* Dataset section:

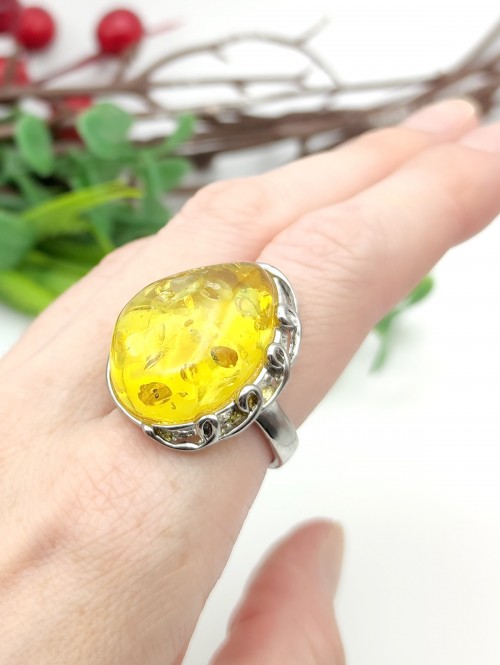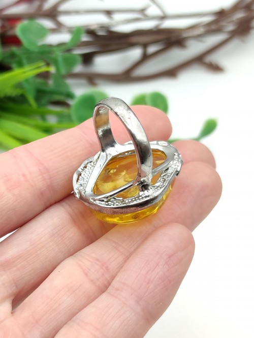 Кольцо с жёлтым бернитом (сплав смол и янтаря).
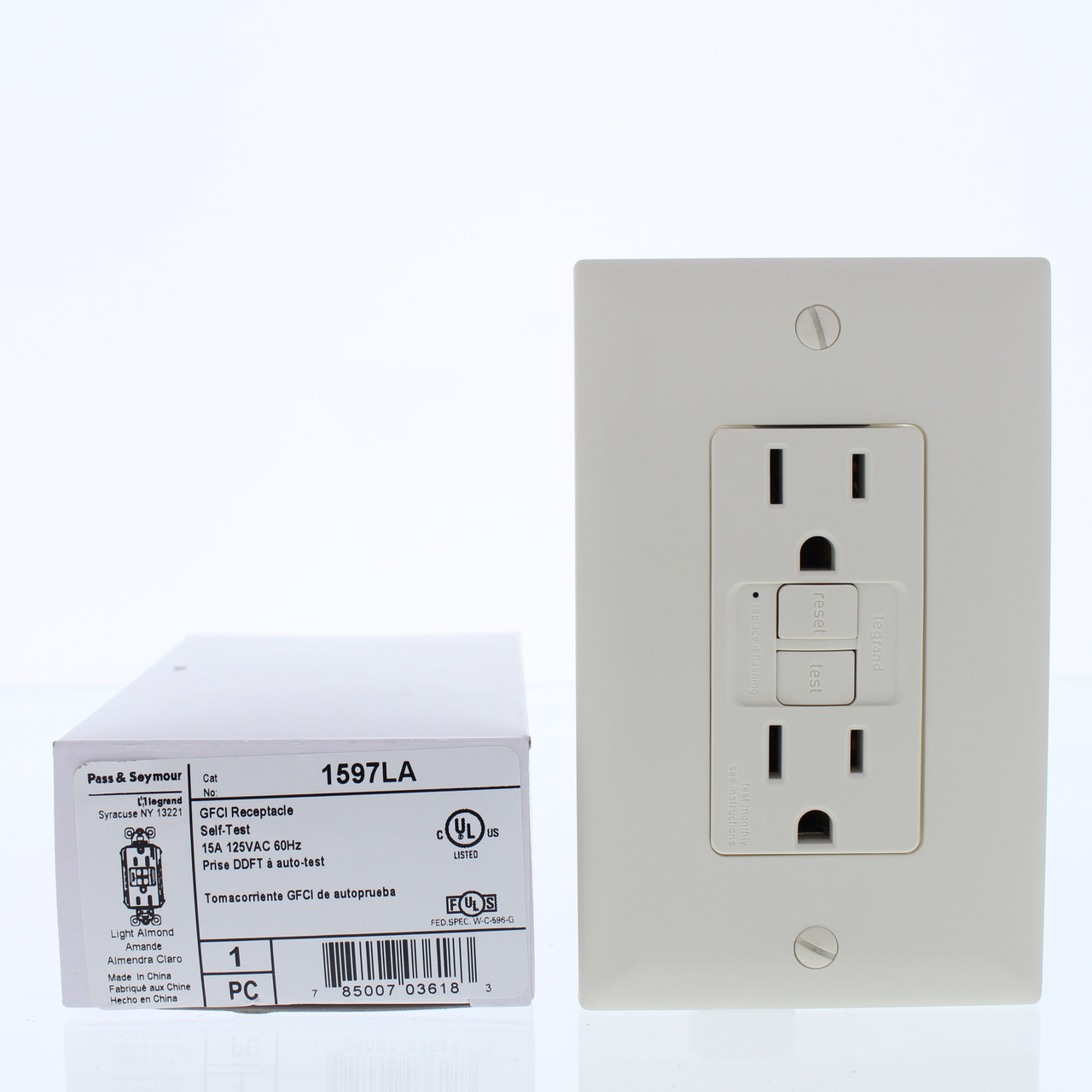 - Pass & Seymour Light Almond Self-Testing GFCI Receptacle Outlet 5-15 15A 1597LA
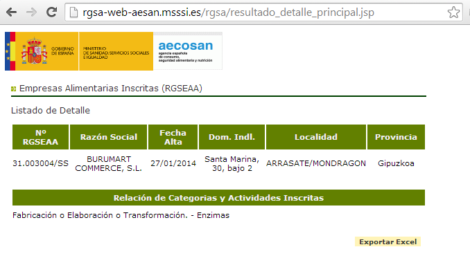 Para cercioraros podéis consultar nuestro registro sanitario en la web de AESAN ( Ministerio de Sanidad, Servicios Sociales e Igualdad ) Comprobar Registro Sanitario rellenando un simple formulario, bien introduciendo nuestro número de registro sanitario o bien nuestra razón social.

* Task details: Please output the lines from the line that holds "- Pass & Seymour" through the final line of the material above, both included. Each line must match exactly, and pictures must be excluded.

* Solution for this task:
 - Pass & Seymour Light Almond Self-Testing GFCI Receptacle Outlet 5-15 15A 1597LA
 Para cercioraros podéis consultar nuestro registro sanitario en la web de AESAN ( Ministerio de Sanidad, Servicios Sociales e Igualdad ) Comprobar Registro Sanitario rellenando un simple formulario, bien introduciendo nuestro número de registro sanitario o bien nuestra razón social.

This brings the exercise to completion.